TASK DESCRIPTION: No pictures go into the copy. Write out exactly the lines below from the one containing "Schematic of test" through the one containing "Apartament 2 camere;".

DATA FOR REVIEW:
-.-.-
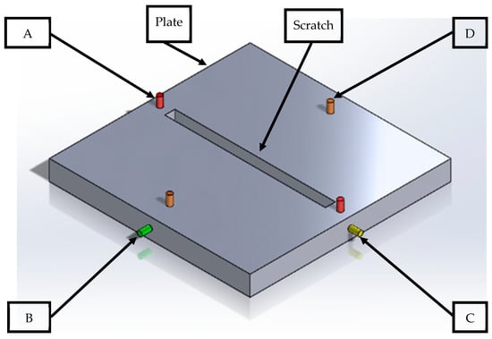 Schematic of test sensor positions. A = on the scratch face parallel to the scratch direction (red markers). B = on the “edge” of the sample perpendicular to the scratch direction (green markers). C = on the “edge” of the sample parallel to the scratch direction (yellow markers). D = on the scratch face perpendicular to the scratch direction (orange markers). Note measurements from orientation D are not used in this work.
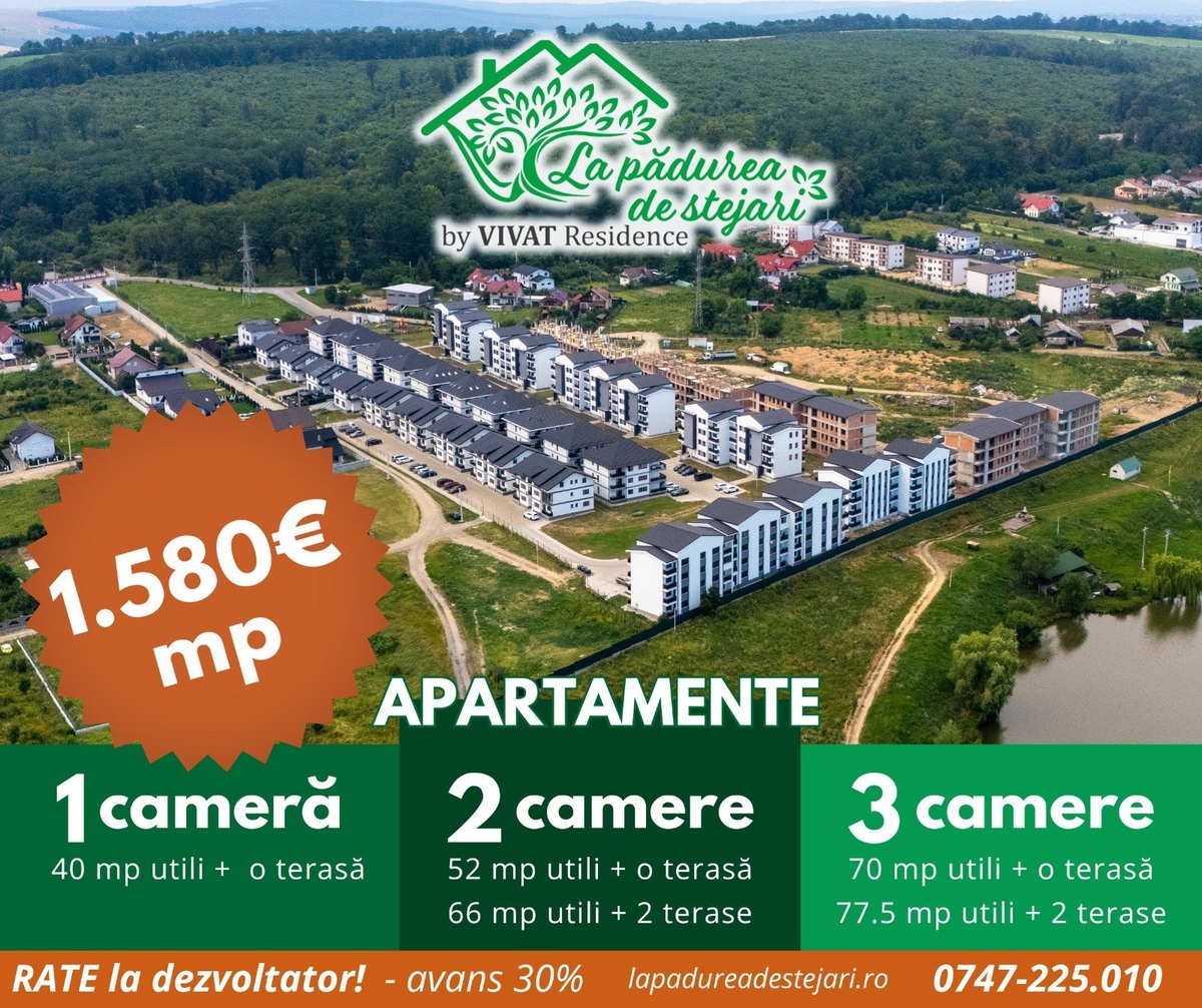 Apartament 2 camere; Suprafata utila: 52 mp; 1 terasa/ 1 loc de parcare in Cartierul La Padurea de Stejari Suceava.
-.-.-
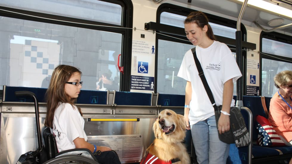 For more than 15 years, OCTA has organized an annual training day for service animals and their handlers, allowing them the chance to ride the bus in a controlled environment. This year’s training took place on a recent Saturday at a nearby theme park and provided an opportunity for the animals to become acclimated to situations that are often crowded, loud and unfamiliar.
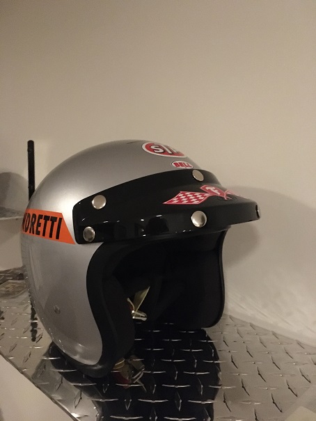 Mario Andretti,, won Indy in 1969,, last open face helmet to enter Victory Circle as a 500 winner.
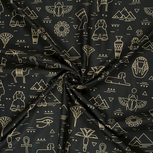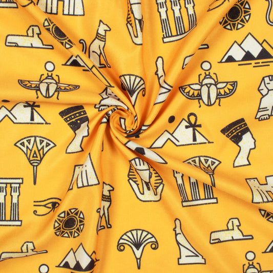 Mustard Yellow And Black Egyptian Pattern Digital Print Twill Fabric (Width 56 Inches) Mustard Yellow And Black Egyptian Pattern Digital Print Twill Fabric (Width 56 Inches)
-.-.-
ANSWER SECTION:
 Schematic of test sensor positions. A = on the scratch face parallel to the scratch direction (red markers). B = on the “edge” of the sample perpendicular to the scratch direction (green markers). C = on the “edge” of the sample parallel to the scratch direction (yellow markers). D = on the scratch face perpendicular to the scratch direction (orange markers). Note measurements from orientation D are not used in this work.
 Apartament 2 camere; Suprafata utila: 52 mp; 1 terasa/ 1 loc de parcare in Cartierul La Padurea de Stejari Suceava.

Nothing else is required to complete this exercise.